Thanks for the nice historical context of the mechanical governor. The discussion of different power sources, steam versus gas turbine vs hydroelectric penstock etc. and the reasons not to modulate power too quickly or too slowly was nicely done. This could have been a very dull and dry description, but you made it interesting. Overall, a governor is a feedback device. In electronics, we are always worried about oscillation with feedback devices, and at least one portion of the loop must have a substantially slower response than the prime mover to avoid oscillation. One can achieve oscillation if you meet the Nyquist criterion, and I will stop there as it is too mathematical to be interesting in a short comment.
Yikes! That is why the 100 KW 400 VDC generator we are designing and building for our two passenger 10 electric motor blown wing airplane uses electronic control of both the 143 HP turbonormalized engine and the active rectifier after the permanent magnet brushless generator. All those mechanical adjustments are too unreliable and too hard to modulate for flight.
Thank you, and yes oscillations are a problem, even in mechanical governors. It's one of the reasons you see droop in single units, the droop helps calm the mechanical action. As you take droop out the governor gets harder to tune. Most electronic governors are based on a PID loop, but it gets tricky because a governor swing can start swinging fuel pressure, and boost. Then you have all these other loops contributing to the problem. The PID triangle was there in mechanical and hydraulic governors too, but not as well defined.

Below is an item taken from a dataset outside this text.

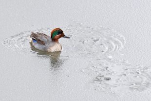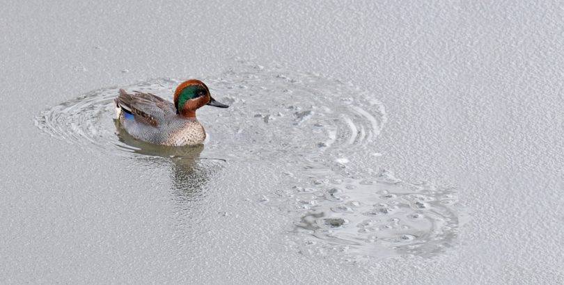 Je kälter es wird, desto mehr scheinen sich die Wasservögel am Greamandlweiher zwischen Prien und Rimsting auszutoben. Die Krickenten haben sich, ähnlich Eisbrechern, durch das vereiste Wasser einen Weg gebahnt. Das Wetter mag trüb sein, ihr Gefieder ist es nicht. Auch die Wasserralle zeigte sich, allerdings in etwas größerer Entfernung.

For those readers not familiar with a PID controller, this a governor that uses the Position distance from a setpoint such as temperature, the Integral of the adjustment time from the deviation from the setpoint, and the Differential of rate of change returning to the setpoint. An example makes this more clear. I bought an industrial oven for a project that needed a precise 250° F to activate a single component epoxy to attach a metal disc to urethane. The urethane was rated to 250° F. The surplus oven did not work. I removed the old electronics and installed a tiny 2” by 2” learning PID temperature controller that had a digital display. The learning PID controller was industrial surplus and cost $100. I set it to 250° F. The first time was the learning run. The oven rapidly went to 251 degrees, then 249 degrees, then 250 degrees steady. The second time the oven was heated up the temperature went rapidly towards 250 degrees, slowed as it approached 250, then smoothly settled at 250. There was no overshoot or undershoot. It really seemed like magic, and of course I didn’t need to know any details of the math governing the PID controller.
Yes, please! I only understand the outline of the process which is that the generator frequency and phase must be made to match the power grid before the generator may be brought online. I would like to learn more about the process. In my electrical engineering courses, I learned about phase-locked-loops. In my physics work, I used synchronous detectors.
Those self tuning PID controls are cool stuff. We had to hire a tuner for our DCS, but then that was the three element drum level control.
Thanks for the nice historical context of the mechanical governor. The discussion of different power sources, steam versus gas turbine vs hydroelectric penstock etc. and the reasons not to modulate power too quickly or too slowly was nicely done. This could have been a very dull and dry description, but you made it interesting. Overall, a governor is a feedback device. In electronics, we are always worried about oscillation with feedback devices, and at least one portion of the loop must have a substantially slower response than the prime mover to avoid oscillation. One can achieve oscillation if you meet the Nyquist criterion, and I will stop there as it is too mathematical to be interesting in a short comment.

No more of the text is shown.